*Problem*: The entries below contain a line with "Each of our" and a line with "Толстовка Givova белая, с". Retype exactly everything from the first down to the second, both included, and nothing else.

*Working data*:
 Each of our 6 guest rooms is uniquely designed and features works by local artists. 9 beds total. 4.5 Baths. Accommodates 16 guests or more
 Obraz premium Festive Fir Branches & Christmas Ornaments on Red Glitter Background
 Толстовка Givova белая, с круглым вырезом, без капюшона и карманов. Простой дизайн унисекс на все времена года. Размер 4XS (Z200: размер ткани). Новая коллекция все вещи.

==

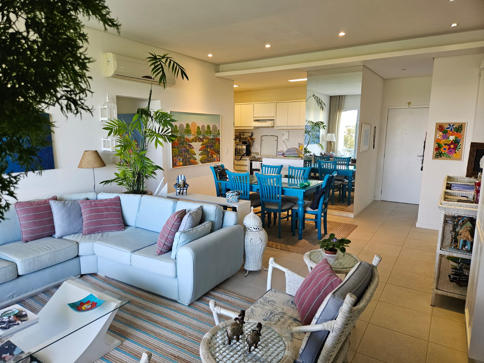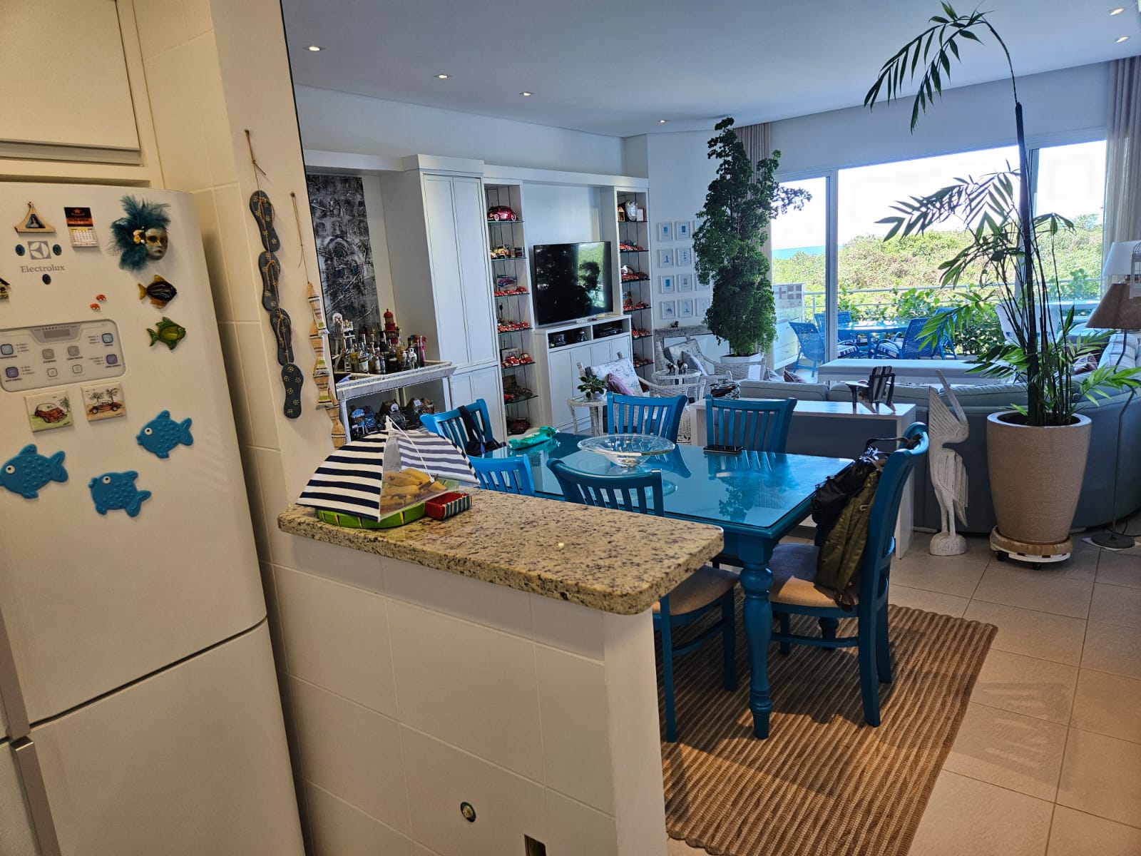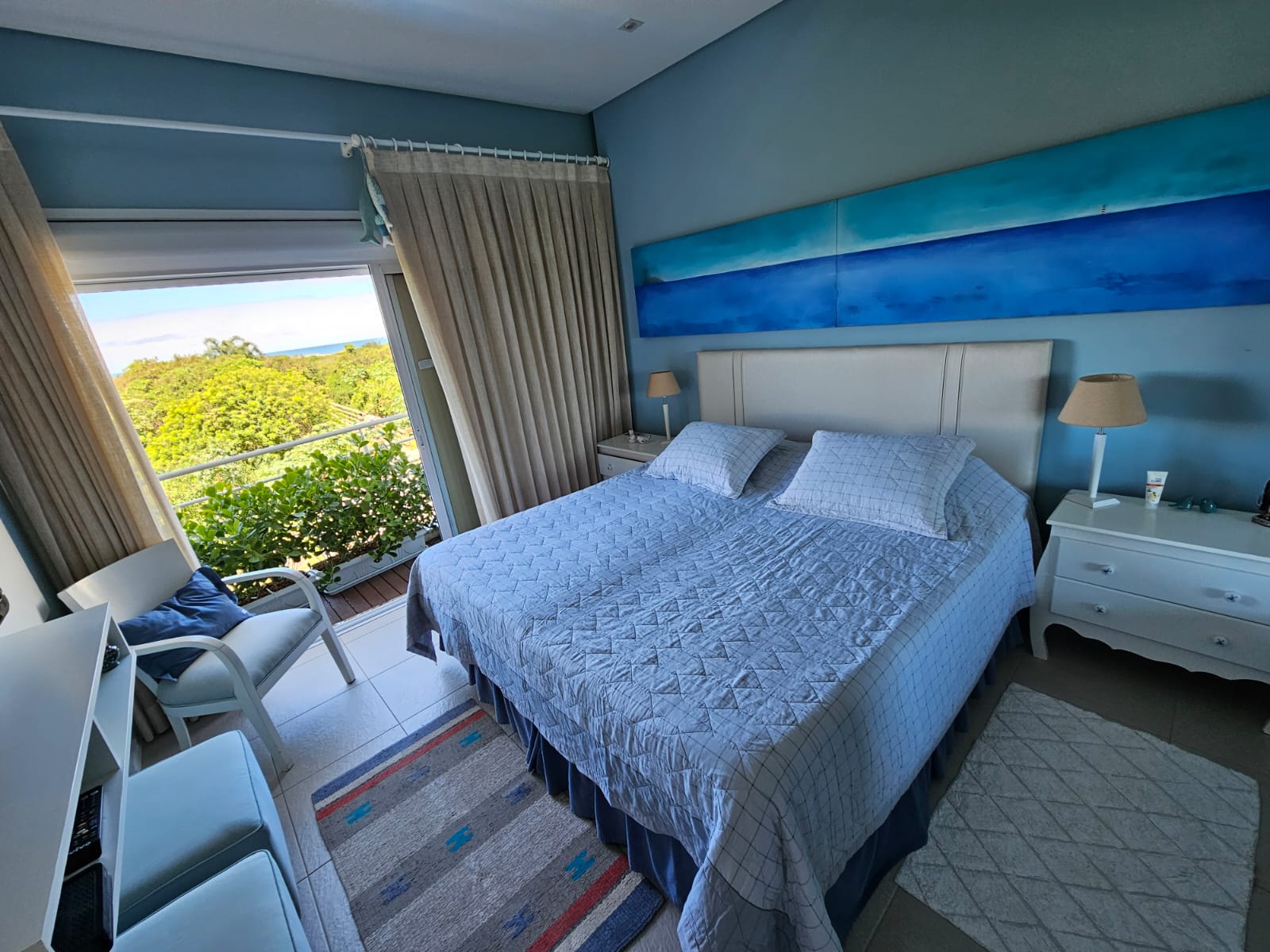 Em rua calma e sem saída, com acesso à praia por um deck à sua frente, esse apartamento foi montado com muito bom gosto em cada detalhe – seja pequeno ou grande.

--

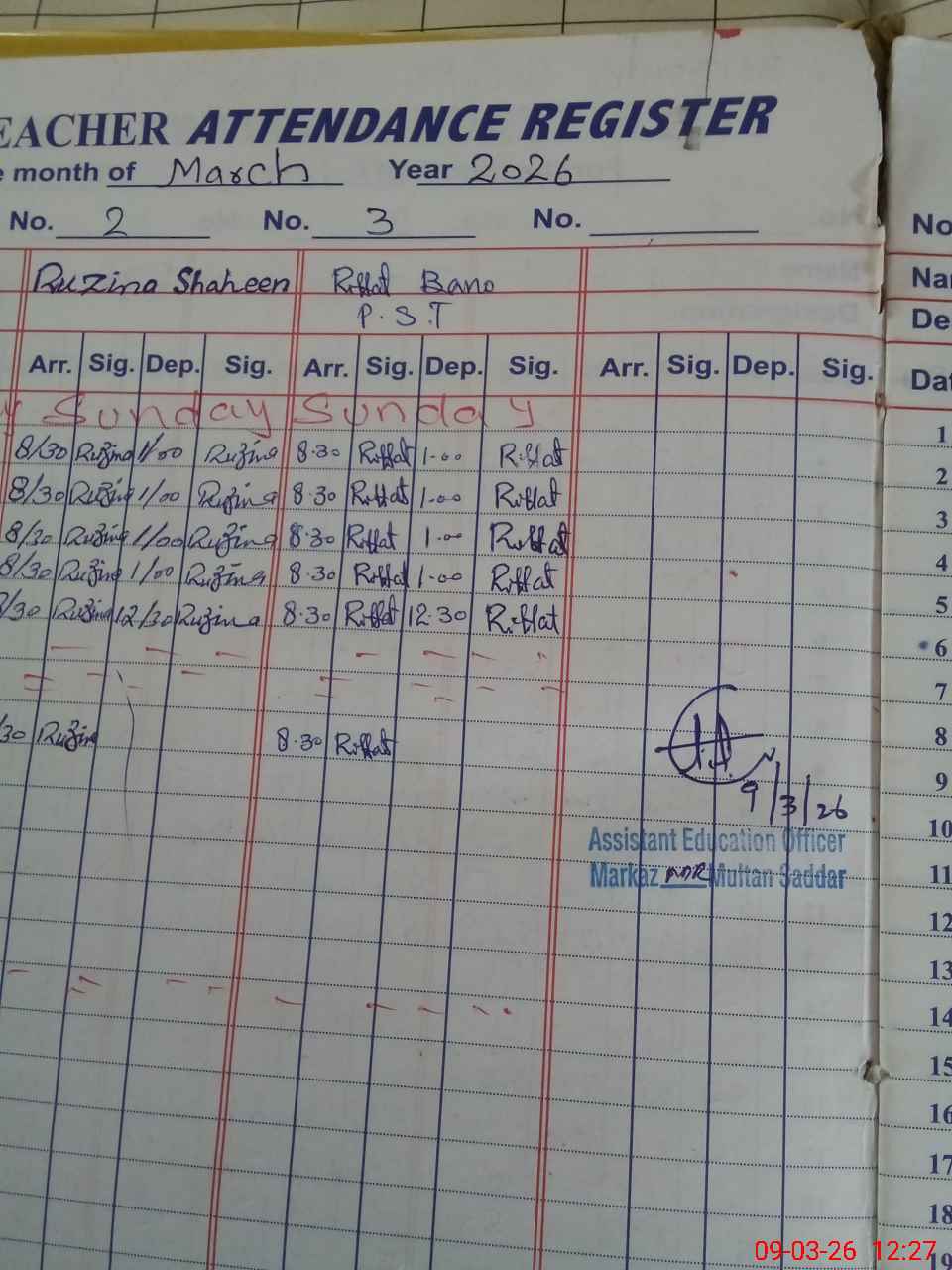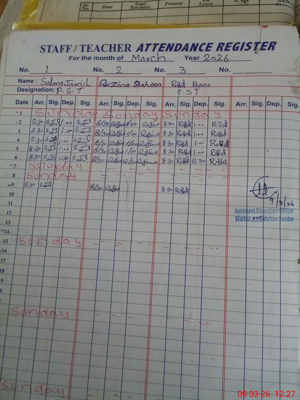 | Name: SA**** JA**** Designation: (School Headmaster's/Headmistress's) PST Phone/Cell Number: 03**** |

*Answer section*:
 Each of our 6 guest rooms is uniquely designed and features works by local artists. 9 beds total. 4.5 Baths. Accommodates 16 guests or more
 Obraz premium Festive Fir Branches & Christmas Ornaments on Red Glitter Background
 Толстовка Givova белая, с круглым вырезом, без капюшона и карманов. Простой дизайн унисекс на все времена года. Размер 4XS (Z200: размер ткани). Новая коллекция все вещи.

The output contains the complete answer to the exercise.